Exact duplicates of the lines from the top of the data through the line containing "Photoaging. Pembimbing : Dr." are needed, with every picture left out.

(Source data)
• • • • •
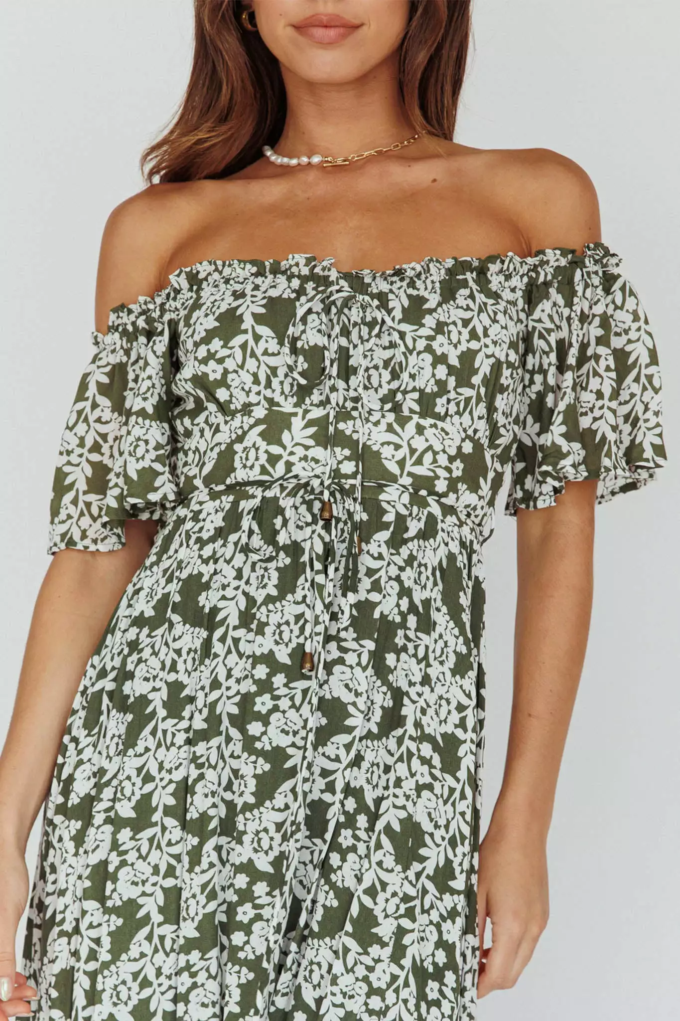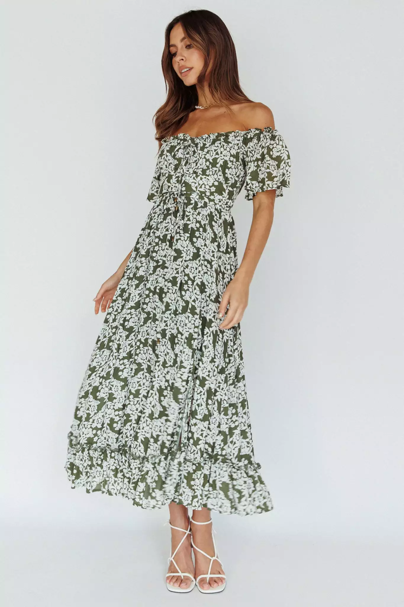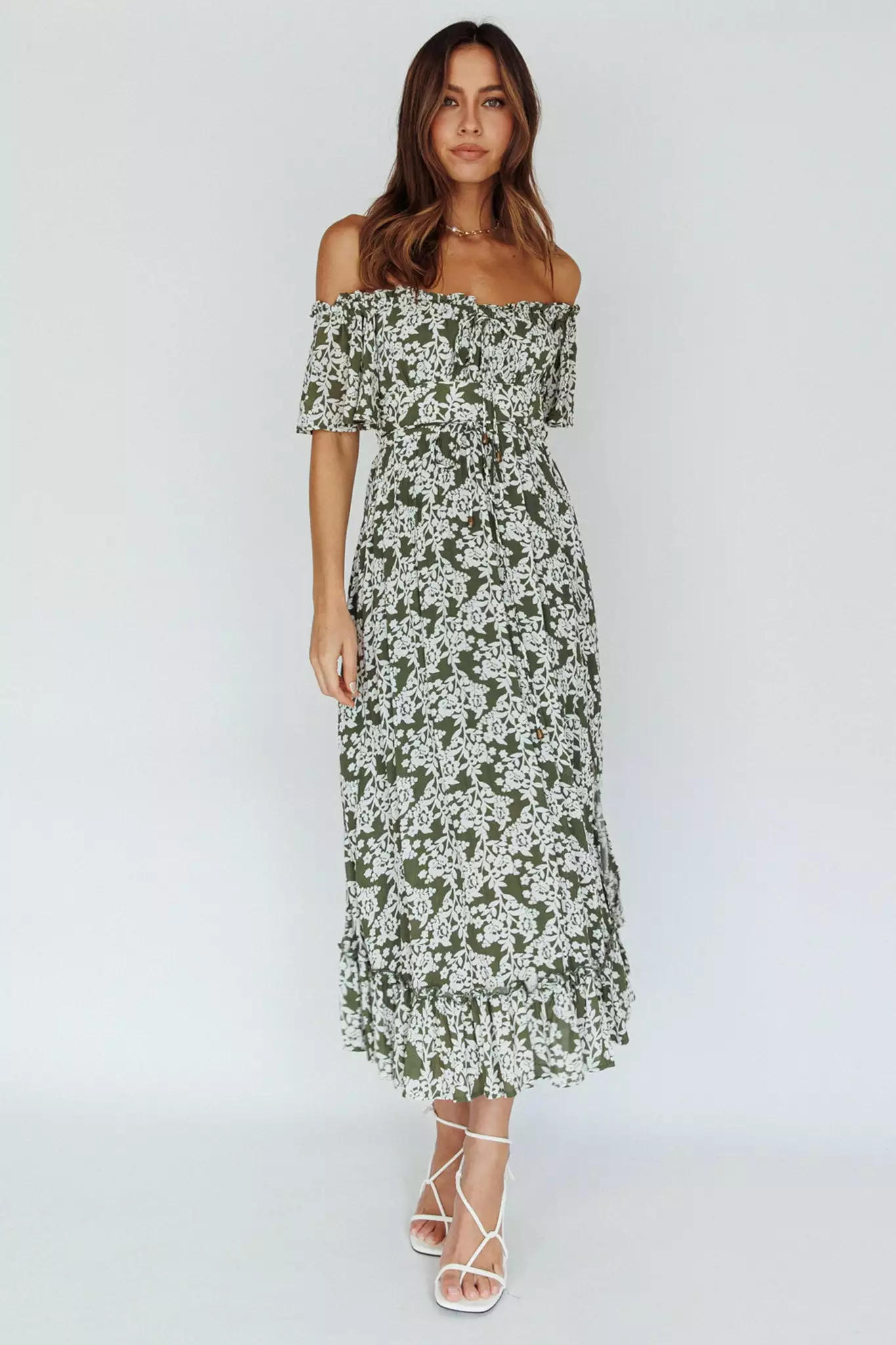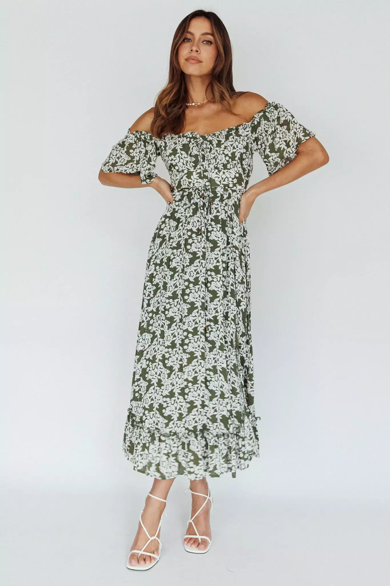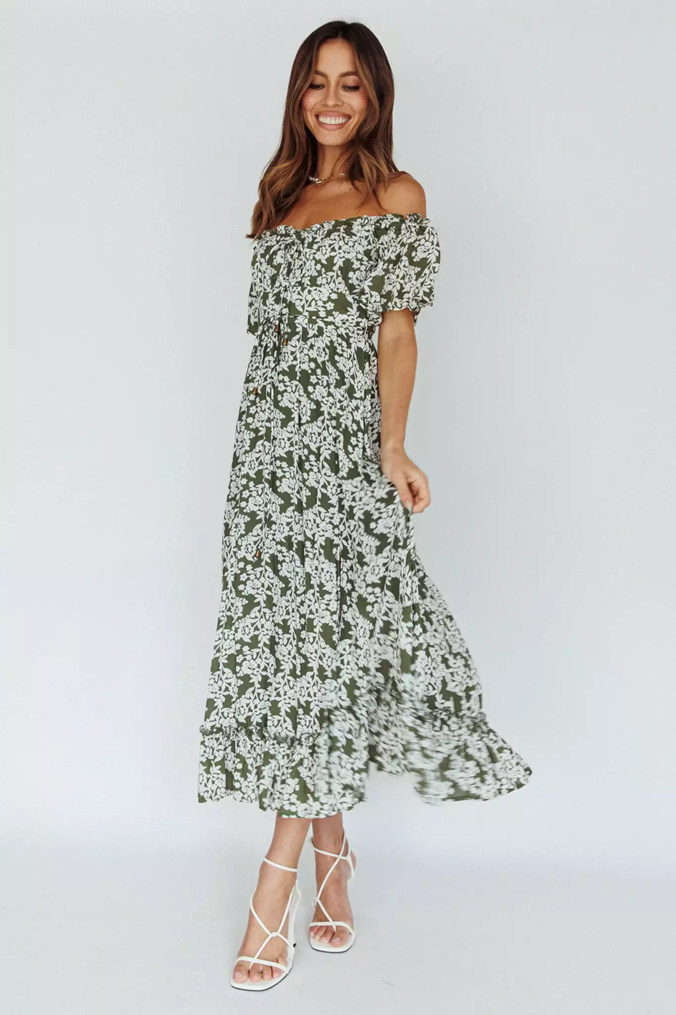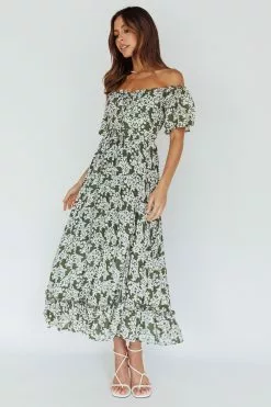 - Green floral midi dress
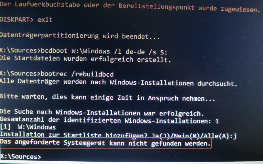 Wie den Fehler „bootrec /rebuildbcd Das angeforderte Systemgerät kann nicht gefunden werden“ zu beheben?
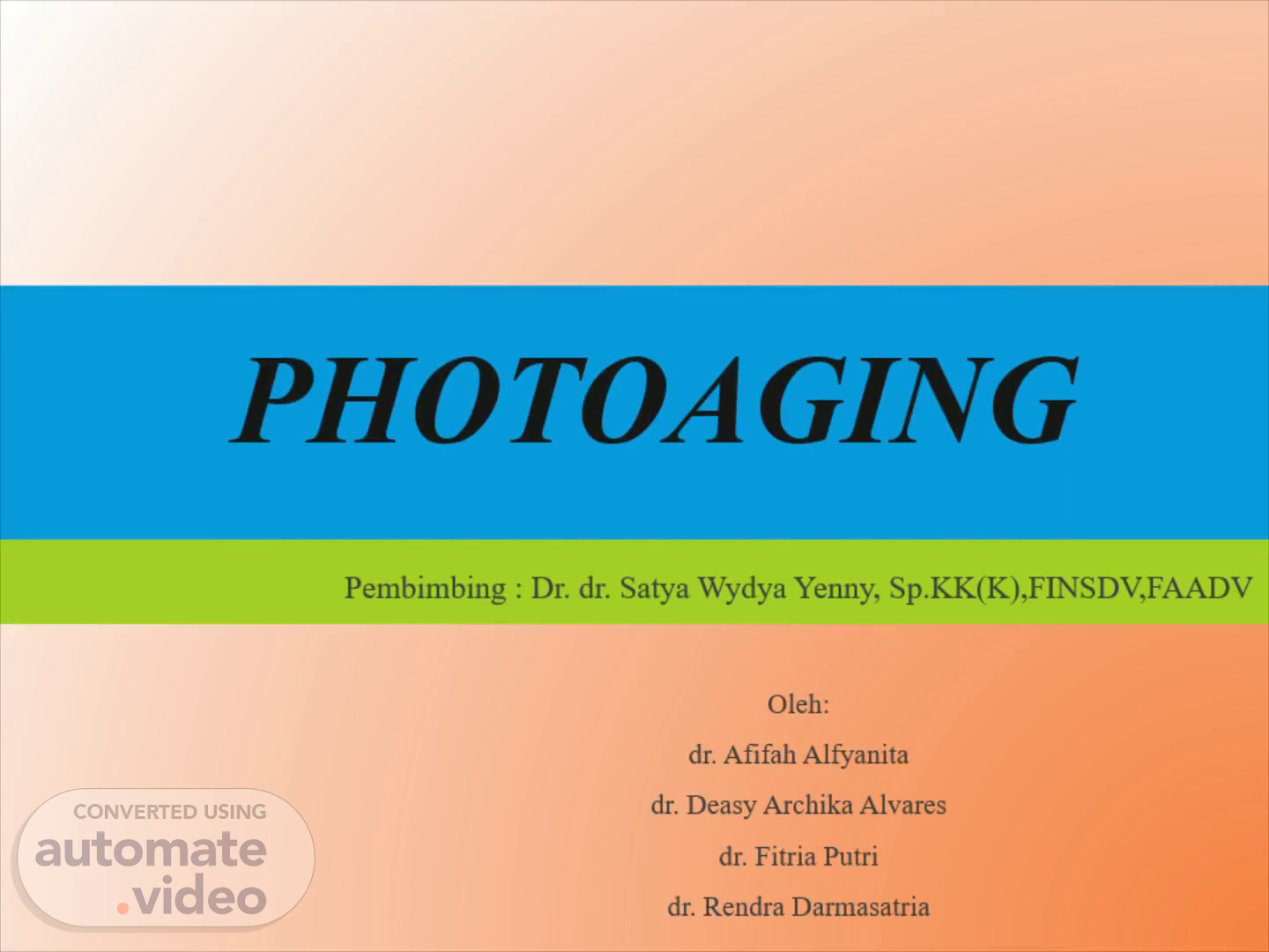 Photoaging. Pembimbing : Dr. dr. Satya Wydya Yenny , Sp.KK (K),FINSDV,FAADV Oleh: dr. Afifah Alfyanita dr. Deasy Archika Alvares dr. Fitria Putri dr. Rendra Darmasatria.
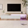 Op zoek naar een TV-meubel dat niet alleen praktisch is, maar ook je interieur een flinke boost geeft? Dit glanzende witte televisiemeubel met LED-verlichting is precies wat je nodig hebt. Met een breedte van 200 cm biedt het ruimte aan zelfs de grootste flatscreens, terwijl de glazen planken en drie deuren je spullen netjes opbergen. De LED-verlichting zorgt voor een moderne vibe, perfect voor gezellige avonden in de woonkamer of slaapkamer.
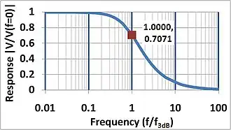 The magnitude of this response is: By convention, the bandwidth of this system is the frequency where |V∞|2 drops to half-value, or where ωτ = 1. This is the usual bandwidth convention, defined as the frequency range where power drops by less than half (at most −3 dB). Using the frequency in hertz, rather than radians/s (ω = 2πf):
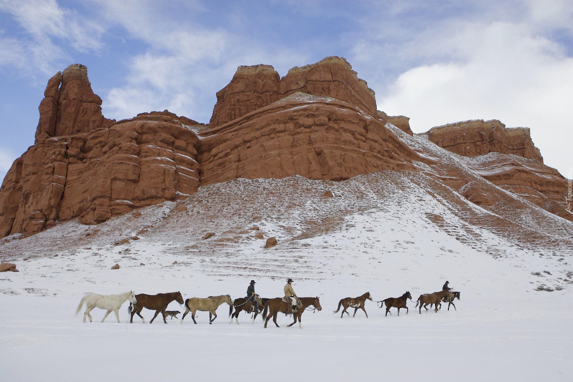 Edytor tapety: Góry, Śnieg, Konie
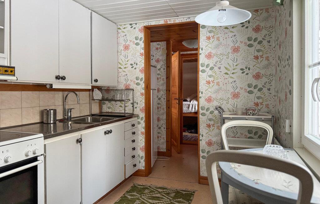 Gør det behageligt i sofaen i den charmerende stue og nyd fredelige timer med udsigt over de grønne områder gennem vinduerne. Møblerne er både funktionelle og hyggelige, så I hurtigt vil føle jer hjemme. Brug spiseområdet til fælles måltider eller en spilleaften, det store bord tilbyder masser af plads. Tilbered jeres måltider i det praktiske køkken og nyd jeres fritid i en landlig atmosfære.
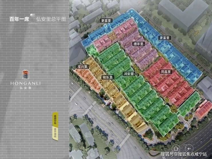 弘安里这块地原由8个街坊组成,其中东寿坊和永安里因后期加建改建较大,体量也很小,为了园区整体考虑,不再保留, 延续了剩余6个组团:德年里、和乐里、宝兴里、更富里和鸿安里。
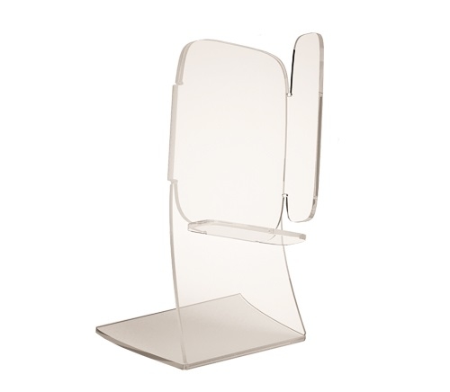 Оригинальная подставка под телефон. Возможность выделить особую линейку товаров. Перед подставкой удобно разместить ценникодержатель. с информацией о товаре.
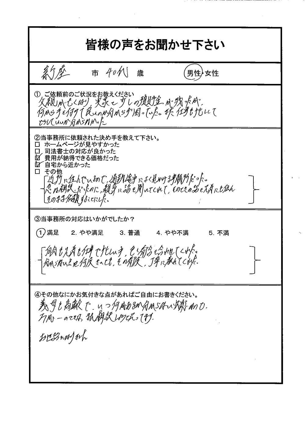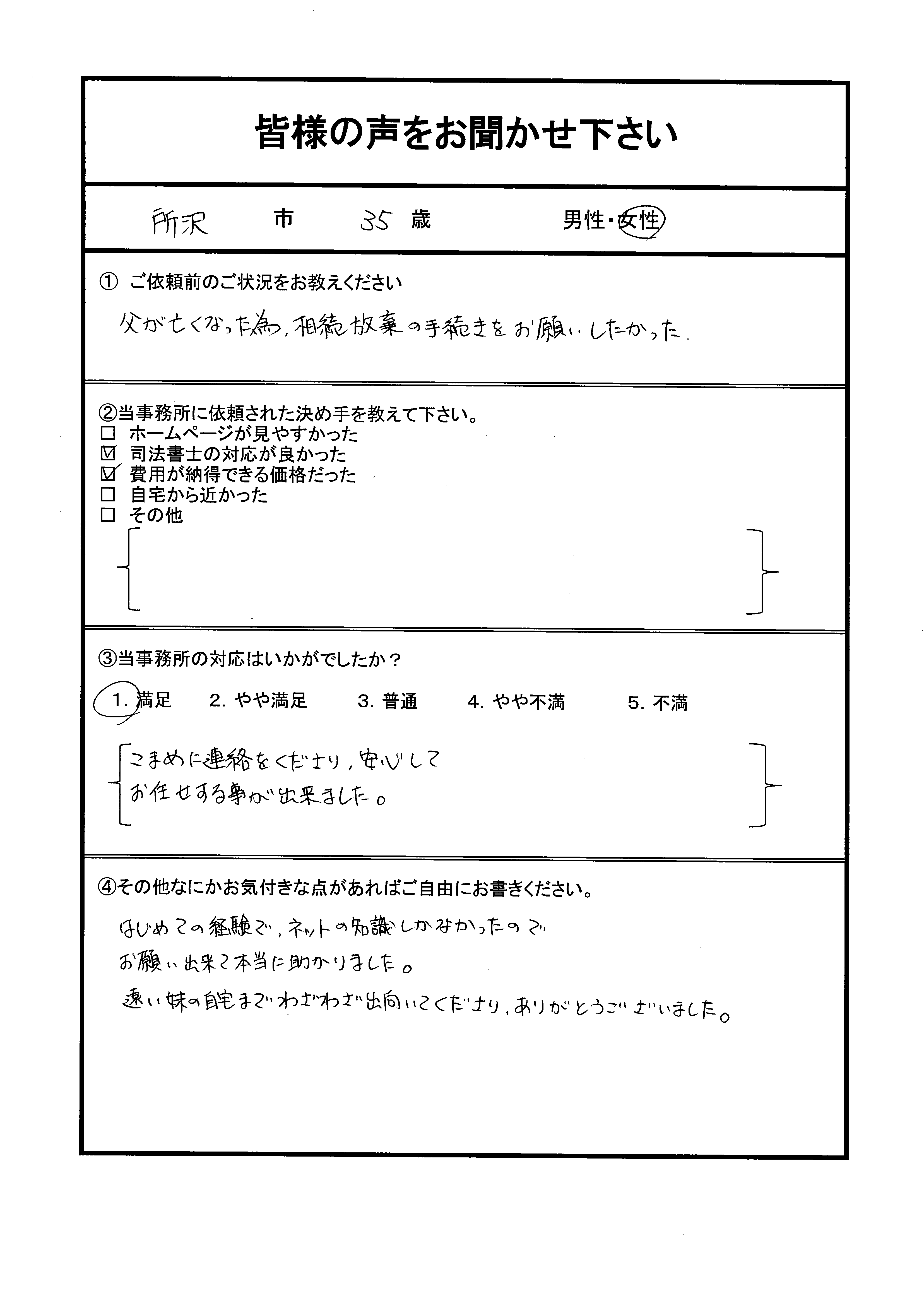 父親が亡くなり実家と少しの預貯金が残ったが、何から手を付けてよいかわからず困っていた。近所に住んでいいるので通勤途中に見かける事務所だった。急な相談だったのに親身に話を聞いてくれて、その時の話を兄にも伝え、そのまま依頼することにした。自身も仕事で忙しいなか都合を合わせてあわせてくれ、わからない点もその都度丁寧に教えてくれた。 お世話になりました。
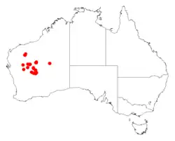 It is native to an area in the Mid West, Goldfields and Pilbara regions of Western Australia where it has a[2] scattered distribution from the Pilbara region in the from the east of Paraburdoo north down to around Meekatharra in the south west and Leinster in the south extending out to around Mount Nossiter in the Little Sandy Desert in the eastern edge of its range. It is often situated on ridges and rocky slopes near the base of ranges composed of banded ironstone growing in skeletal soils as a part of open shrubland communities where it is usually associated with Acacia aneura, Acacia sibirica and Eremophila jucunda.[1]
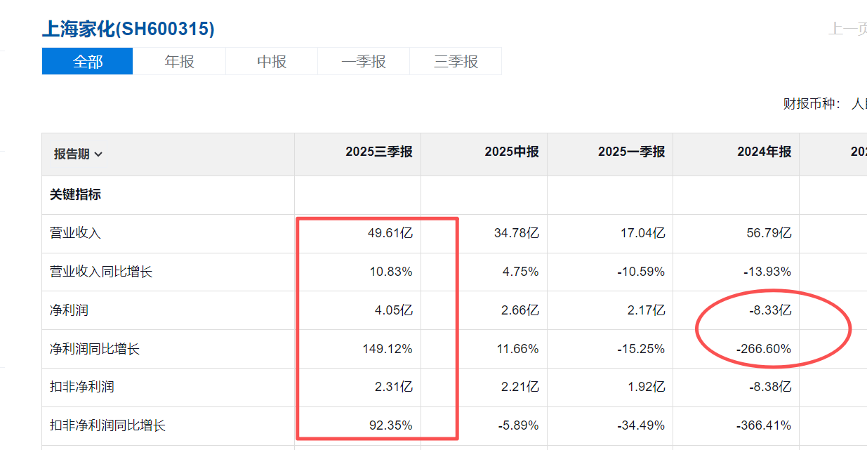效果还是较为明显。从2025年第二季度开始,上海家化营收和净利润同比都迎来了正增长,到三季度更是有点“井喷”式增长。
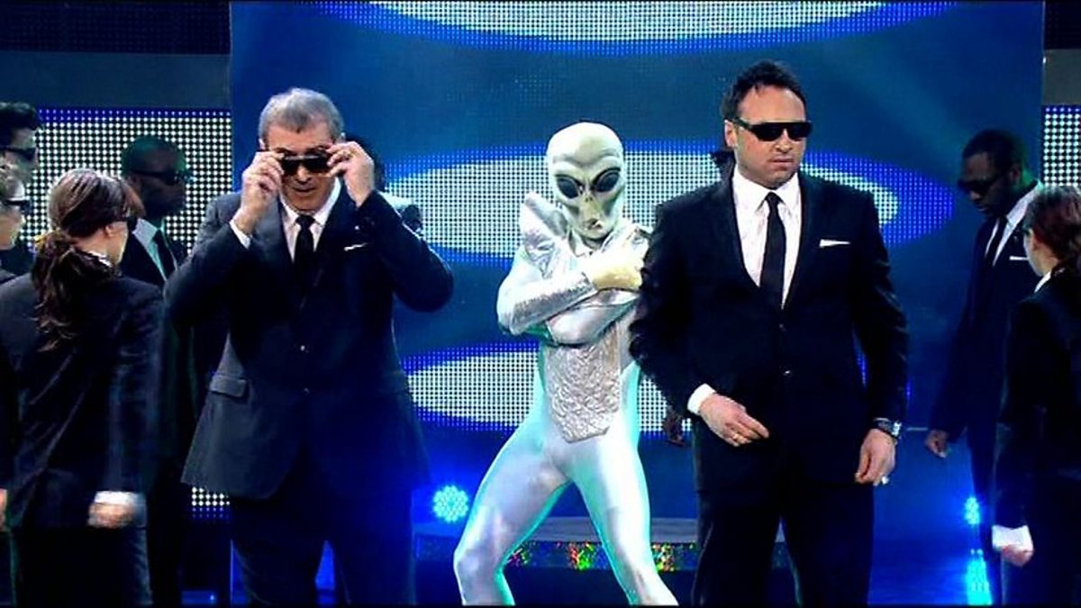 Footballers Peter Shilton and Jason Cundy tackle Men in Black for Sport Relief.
• • • • •
Task output.
 - Green floral midi dress
 Wie den Fehler „bootrec /rebuildbcd Das angeforderte Systemgerät kann nicht gefunden werden“ zu beheben?
 Photoaging. Pembimbing : Dr. dr. Satya Wydya Yenny , Sp.KK (K),FINSDV,FAADV Oleh: dr. Afifah Alfyanita dr. Deasy Archika Alvares dr. Fitria Putri dr. Rendra Darmasatria.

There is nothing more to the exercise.